The city structure that I decided to model was an alien colony on Mars. Each colony has a glass dome surrounding it. Inside, the center has a platform with increasingly smaller platforms connected outwards to the bounds of the crater the colony is housed inside.
https://ishanranade.github.io/homework-5-shape-grammar-city-IshanRanade/
There are a number of rules to the grammar that create the intricate internal structure:
The first set of rules are to divide up the colony into Unit sections, within which the buildings will be placed:
- First place a single Unit node at the center of the colony.
- If you encounter a Unit node, send out an x amount of test vectors in random directions (based on a noise funcction), to test the next possible location of a Unit.
- If the next location is valid, e.g. does not intersect another Unit, then place the Unit.
- Create a Road between these two Units.
- Recursively continue this process for a max iteration number of times, reducing the radius of each Unit for each recursive call.
- If you encounter a Road node, modify its color to represent its total walking distance from the center of the colony.
The next set of rules are for the construction of the buildings within each Unit.

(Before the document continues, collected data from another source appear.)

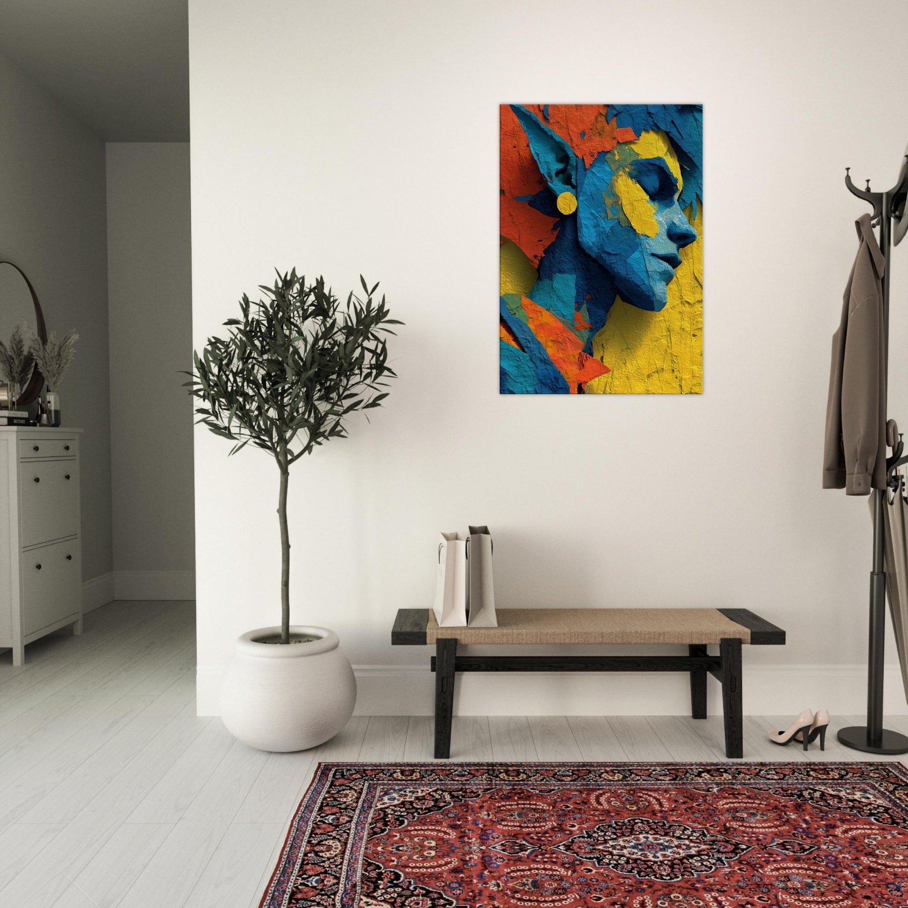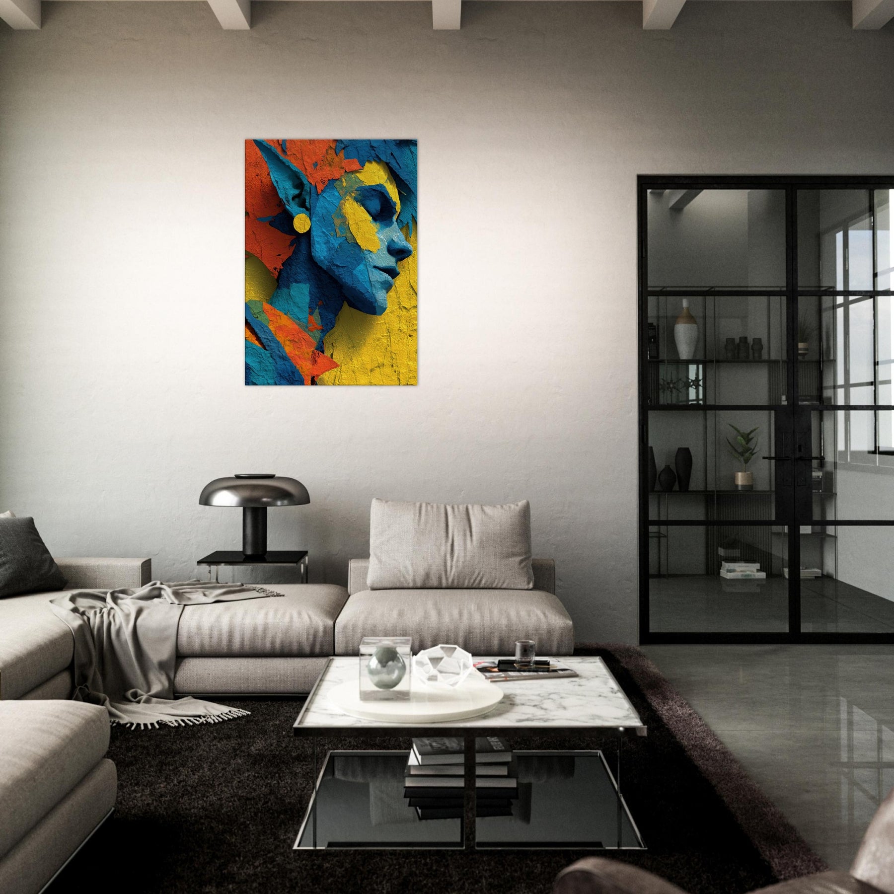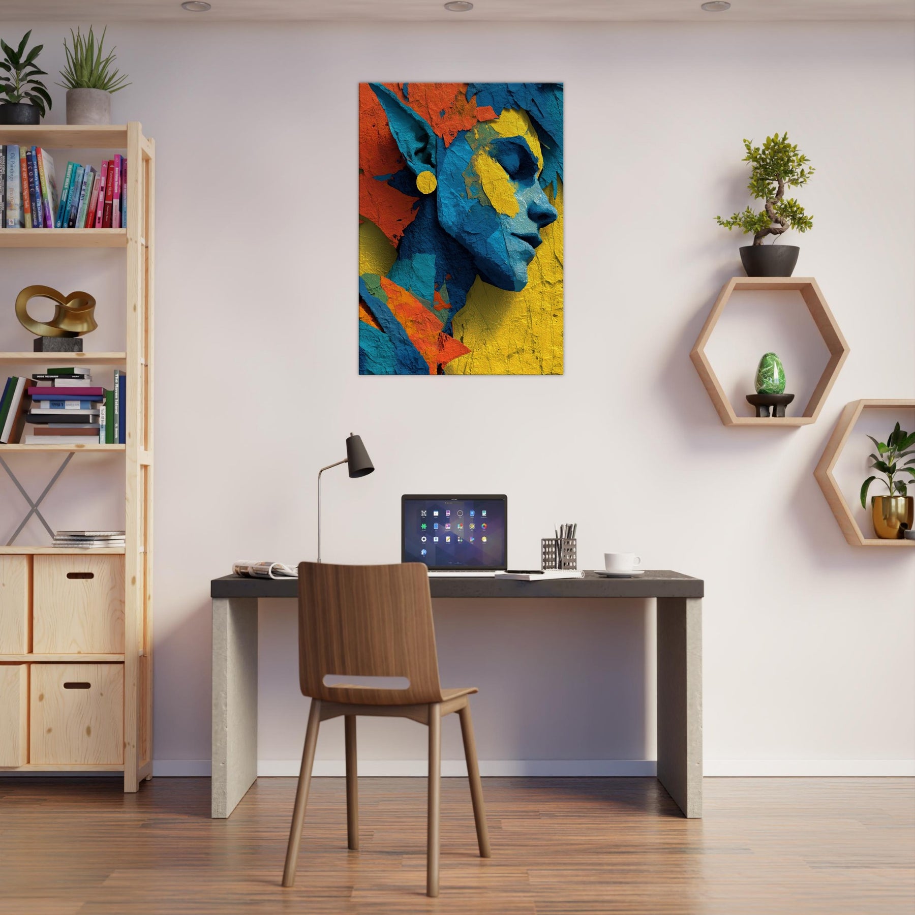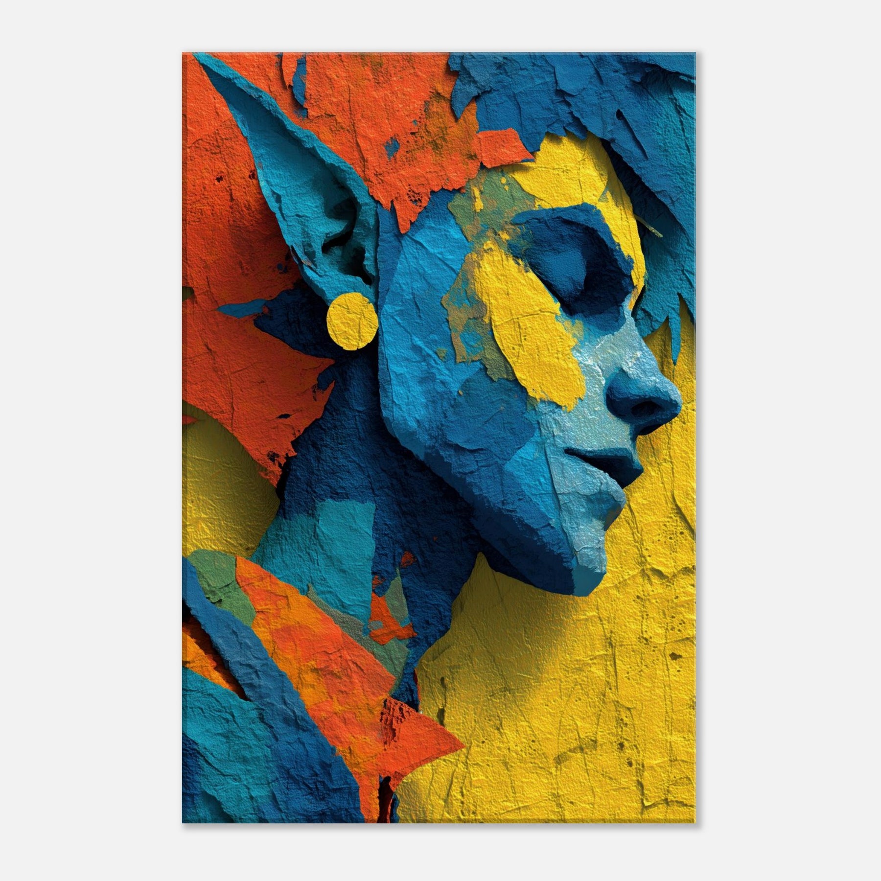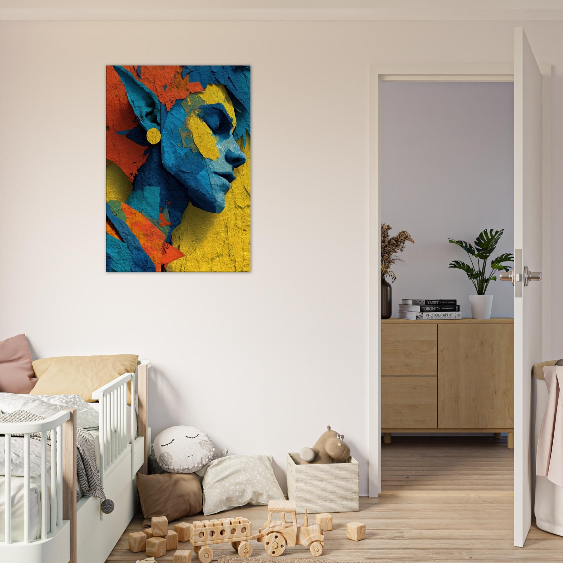 Step into a magical lobby of light where an Elf emerges from a tapestry of color. This abstract conjures motion and myth: jagged planes of azure, gold, and coral coalesce into a serene face, a whisper of ancient woods and airy realms. The texture suggests distance and depth, inviting you to move closer, to breathe with the space. In living rooms or a study, it becomes a luminescent focal point that heightens mood, conversation, and dreamlike imagination.
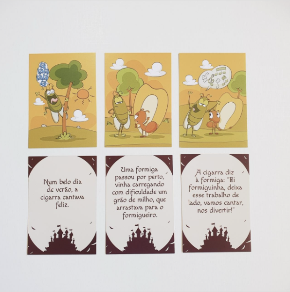 delas divididas em quadros de imagens e texto, para o trabalho com leitura e
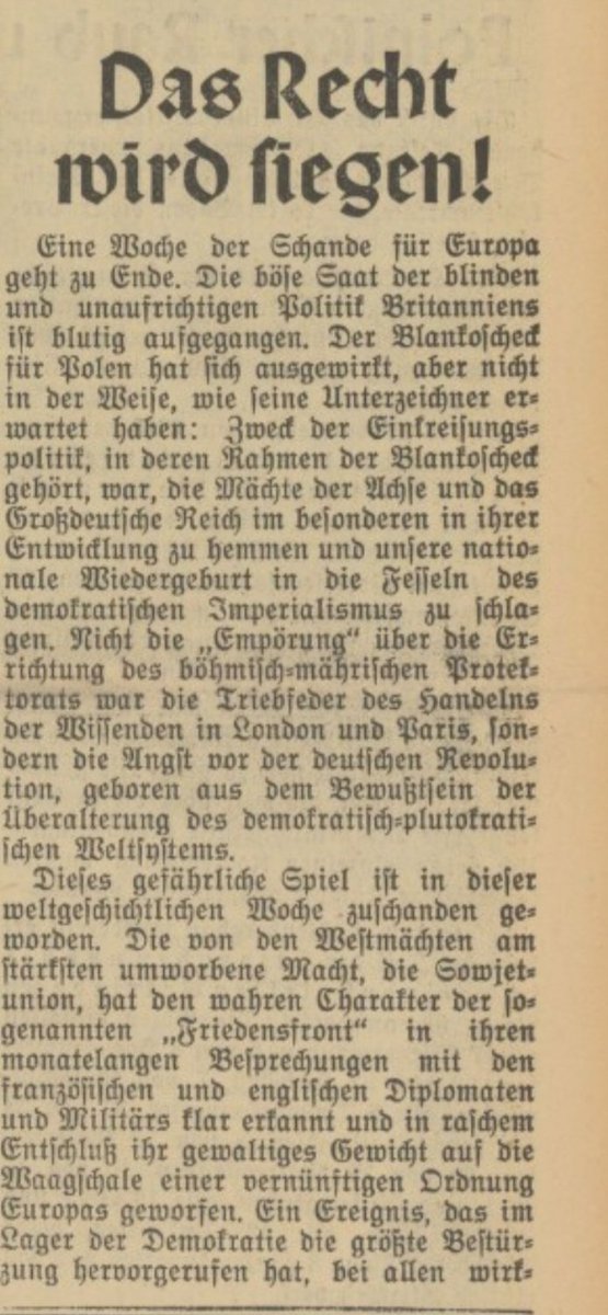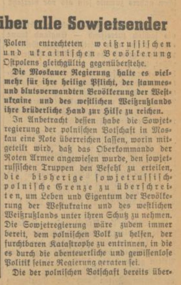 In seiner Ansprache erklärte Molotow, dass die Sowjetunion ihre "blutsverwandten Völker" der #Ukraine und #Belarus schützen wolle. Moskau sei ebenfalls bereit "dem polnischen Volk zu helfen, der furchtbarsten Katastrophe zu entrinnen, in die sie durch abenteuerliche u./2
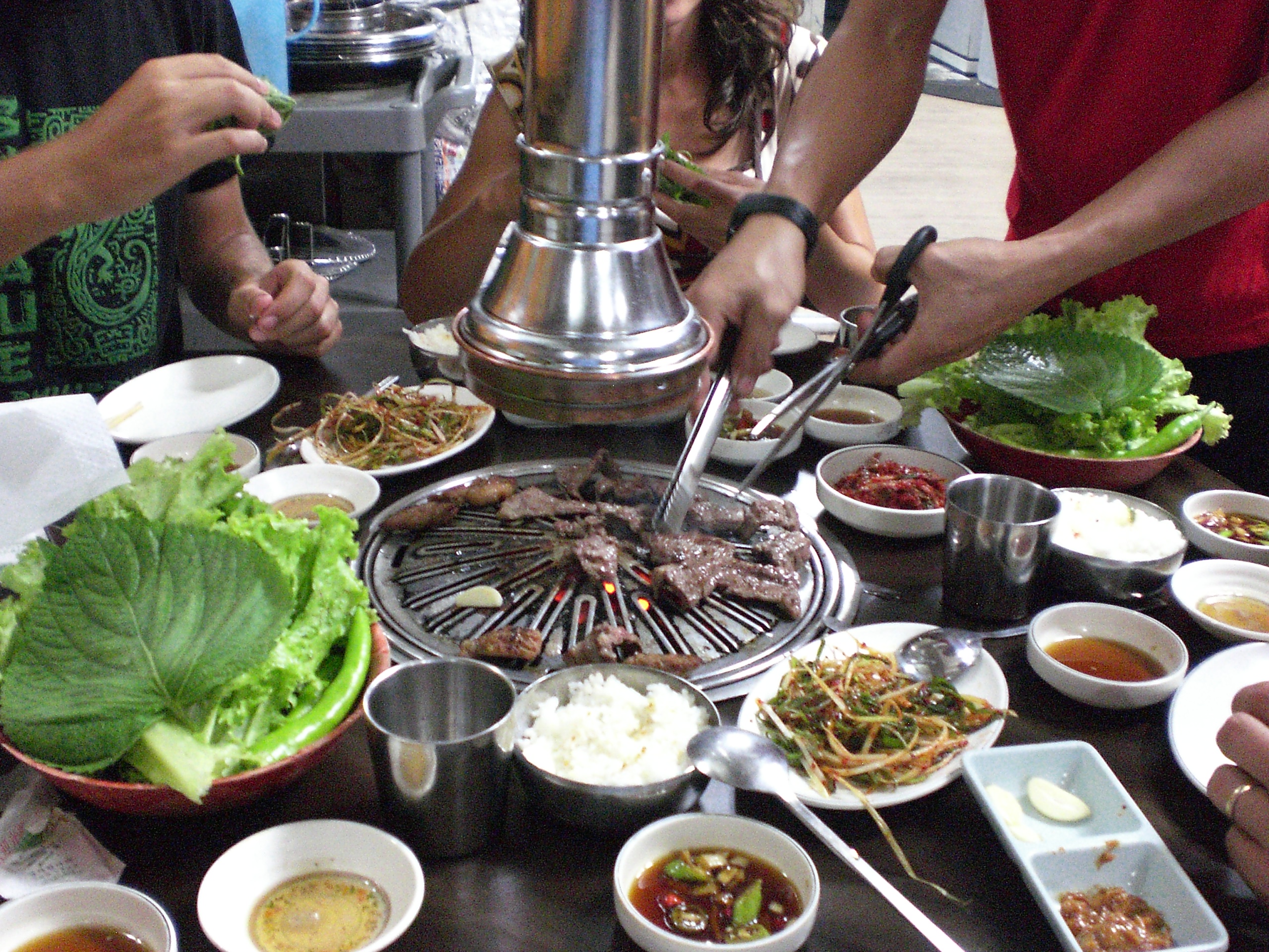 Beim Korean Barbecue schneidet man das Fleisch, das direkt vor einem auf einer heißen Metallplatte mit Geruchsstaubsauger oben drüber gebraten wird – mit einer handelsüblichen Schere.

This works similar to an L-System by pushing new nodes into a queue, popping them off, checking their type, then following the appropriate rules based on this type:
- Place a Base node at the center of the unit.
- If we pull of a Base node, there are three options. Either we create a second floor above this Base with a chance based on a noise function and the radius of the Unit, or we can create a walkway that connect to another unit on the same floor level, or we do nothing. If we do end up creating a new Base node, then we also modify its rotation.
- If we encounter a Walkway, then we have a chance of creating a Rover node. These Rovers are like little alien spaceships. The spaceship is placed in a location very high above this Walkway, to make them appear like they are flying in the sky area of the colony.
- If we encounter a Tank node, then we place the tank at the top of its parent Base Node. This is supposed to make the appearance of alien skyscrapers.
- If we choose to create a higher level floor, we do so based on the coordinates of the parent node, and place a Base node with the appropate translation above.
- If we pull of a Base node, check its current level with respect to the parent node. If the level is too high do not allow it to create another floor, to limit the size of buildings.
Each Unit decreases in size as they are created recursively from the center Unit. The sizes of the generated buildings also decrease as the Unit radius decreases. This is meant to represent less populated areas, as well as possibly smaller alien species living in these sections of the Colony. Within each Unit circular platform, the buildings will appear to move off the bounds of the platform because only the first level of the building is physically connected to the platform. The other levels are free to move around in a random order to create a floating city shape.
The colors of each type of geometry linearly interpolate from one color to another within a colony based on its recursive distance from the center Unit node. For example, a Base node will lerp from blue to red, and you will see that in the center section of the largest colony the bases are blue, and in the smaller units to the sides of the colony the bases are red.
The colors also change based on the size of Colony. In the world, there are a number of colonies spread out with varying radiuses. The noise functions that determine the color are dependent on the radius, so the colors assigned also change as the radius of the entire colony decreases.
There are also Spaceship nodes as described above that are generated as part of the shape grammar. I chose to have these nodes be generated in the sky relative to their parent Walkway nodes to make it look like a busy city. These spaceships move around in a circular pattern with an offset to the speed of their movement and the distance of their movement based on a noise function with their id as an input. If you zoom out a bit and look at a Colony as a whole, you will see all the spaceships spinning and rotating around to give the appearance of a busy alien city. The colors of the spaceships range between white and black as I felt these were the easiest colors to see with the background.
The landscape was modeled to be a Mars looking landscape, some sort of alien planet.
I heavily utilized instancing to increase the performance of the application. I found that with adding the same vertices of a mesh to a VBO for every instance of a geometry that I wanted with only modified affine attributes was a big performance waste. It took a long time to calculate the transformation matrices and then apply them to every vertex, and all of this on the CPU side. I found that instancing made this much faster as it only loads up the vertices of a mesh into a VBO once, and then sends a transformation matrix to the shaders for each instance of the geometry so the transformations can be applied on the GPU. This gave me a huge performance boost, especially relative to the large number of geometries in my scene.
On my Mac I am able to get it to run consistently around 30 FPS, and on computers with a better graphics card I would imagine it would be even higher.
Be sure to zoom out and take a look at the landscape as a whole. Also keep in mind that there are a number of colonies around where the camera starts. Each one varies in size and there are a few very tiny ones if you can find them. They are all fun to look at and zoom in to. They are all relatively close to the camera start position, you shouldn't have to search around very long. Also each of these colonies have different color schemes.